New therapies for MPM are first identified using in vitro immortalised MPM cells. Candidate drugs then undergo preclinical testing in mouse xenograft models. These xenografts use either MPM cell lines or tissue derived from a patient’s tumour. The severity of these studies is classified as moderate under the Animals (Scientific Procedures) Act 1986 due to the level of suffering caused. CAM has previously been validated for breast and pancreatic cancers by Dr Anne Herrmann (Co-Investigator) as part of her NC3Rs David Sainsbury Fellowship. Cells are implanted into the CAM, a highly vascular extraembryonic membrane, where they form a small tumour that can be extracted and used in a number of functional studies to study tumorigenesis, angiogenesis and metastasis. Chick embryos are immunodeficient and could avoid some of the issues of xenograft rejection seen in mouse models, which are reported to have a 40% engraftment rate, creating a bias of MPM cancers that are studied.

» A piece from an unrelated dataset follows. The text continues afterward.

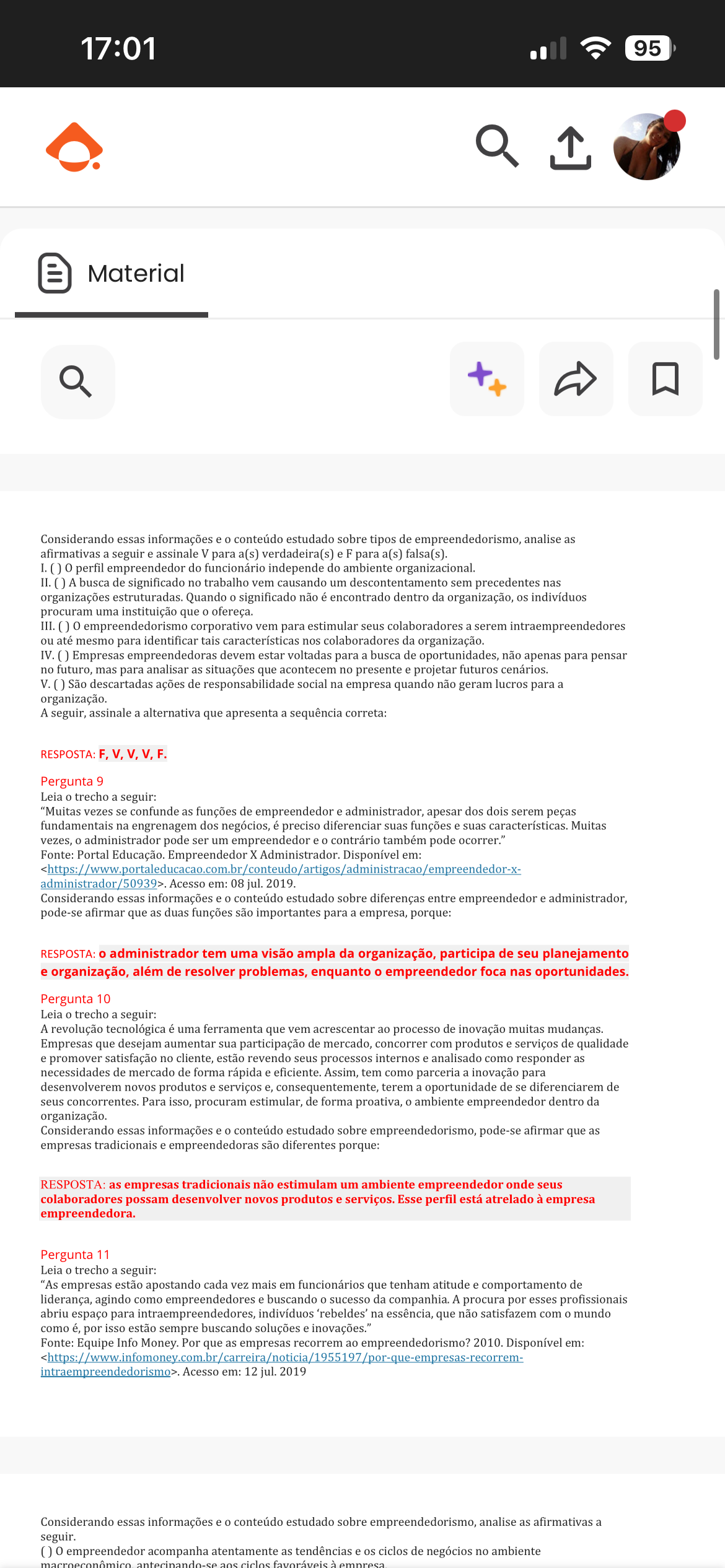 17:01 95 Material Considerando essas informações e conteúdo estudado sobre tipos de empreendedorismo, analise as afirmativas a seguir e assinale V para a(s) verdadeira(s) e F para a(s) falsa(s). I. () perfil empreendedor do funcionário independe do ambiente organizacional. II. A busca de significado no trabalho vem causando um descontentamento sem precedentes nas organizações estruturadas. Quando significado não é encontrado dentro da organização, os indivíduos procuram uma instituição que ofereça. III. empreendedorismo corporativo vem para estimular seus colaboradores a serem intraempreendedores ou até mesmo para identificar tais características nos colaboradores da organização. IV. () Empresas empreendedoras devem estar voltadas para a busca de oportunidades, não apenas para pensar no futuro, mas para analisar as situações que acontecem no presente e projetar futuros cenários. V. São descartadas ações de responsabilidade social na empresa quando não geram lucros para a organização. A seguir, assinale a alternativa que apresenta a sequência correta: RESPOSTA: F,V,V,V,F. Pergunta 9 Leia trecho a seguir: "Muitas vezes se confunde as funções de empreendedor e administrador, apesar dos dois serem peças fundamentais na engrenagem dos negócios, é preciso diferenciar suas funções e suas características. Muitas vezes, administrador pode ser um empreendedor e contrário também pode ocorrer." Fonte: Portal Educação. Empreendedor X Administrador. Disponível em: administrador/50939>. Acesso em: 08 jul. 2019. Considerando essas informações e 0 conteúdo estudado sobre diferenças entre empreendedor e administrador, pode-se afirmar que as duas funções são importantes para a empresa, porque: RESPOSTA: administrador tem uma visão ampla da organização, participa de seu planejamento e organização, além de resolver problemas, enquanto empreendedor foca nas oportunidades. Pergunta 10 Leia trecho a seguir: A revolução tecnológica é uma ferramenta que vem acrescentar ao processo de inovação muitas mudanças. Empresas que desejam aumentar sua participação de mercado, concorrer com produtos e serviços de qualidade e promover satisfação no cliente, estão revendo seus processos internos e analisado como responder as necessidades de mercado de forma rápida e eficiente. Assim, tem como parceria a inovação para desenvolverem novos produtos e serviços e, consequentemente, terem a oportunidade de se diferenciarem de seus concorrentes. Para isso, procuram estimular, de forma proativa, ambiente empreendedor dentro da organização. Considerando essas informações e conteúdo estudado sobre empreendedorismo, pode-se afirmar que as empresas tradicionais e empreendedoras são diferentes porque: RESPOSTA: as empresas tradicionais não estimulam um ambiente empreendedor onde seus colaboradores possam desenvolver novos produtos e serviços. Esse perfil está atrelado à empresa empreendedora. Pergunta 11 Leia trecho a seguir: "As empresas estão apostando cada vez mais em funcionários que tenham atitude e comportamento de liderança, agindo como empreendedores e buscando sucesso da companhia. A procura por esses profissionais abriu espaço para intraempreendedores, indivíduos 'rebeldes' na essência, que não satisfazem com mundo como é, por isso estão sempre buscando soluções e inovações." Fonte: Equipe Info Money. Por que as empresas recorrem ao empreendedorismo? 2010. Disponível em: . Acesso em: 12 jul. 2019 Considerando essas informações e conteúdo estudado sobre empreendedorismo, analise as afirmativas a seguir. () empreendedor acompanha atentamente as tendências e os ciclos de negócios no ambiente macroeconômico antecipando-se ciclos favoráveis empresa

Professor Judy Coulson is collaborating with Anne to optimise the CAM for use in MPM research. They will establish robust protocols for engrafting and culturing MPM cell lines and generate standard operating procedures to enable uptake by other researchers. Judy and colleagues will also use CAM in functional studies to screen the effectiveness of therapeutics against MPM and investigate the role of BAP1 – a tumour suppressor with loss-of-function mutations in more than half of all mesotheliomas.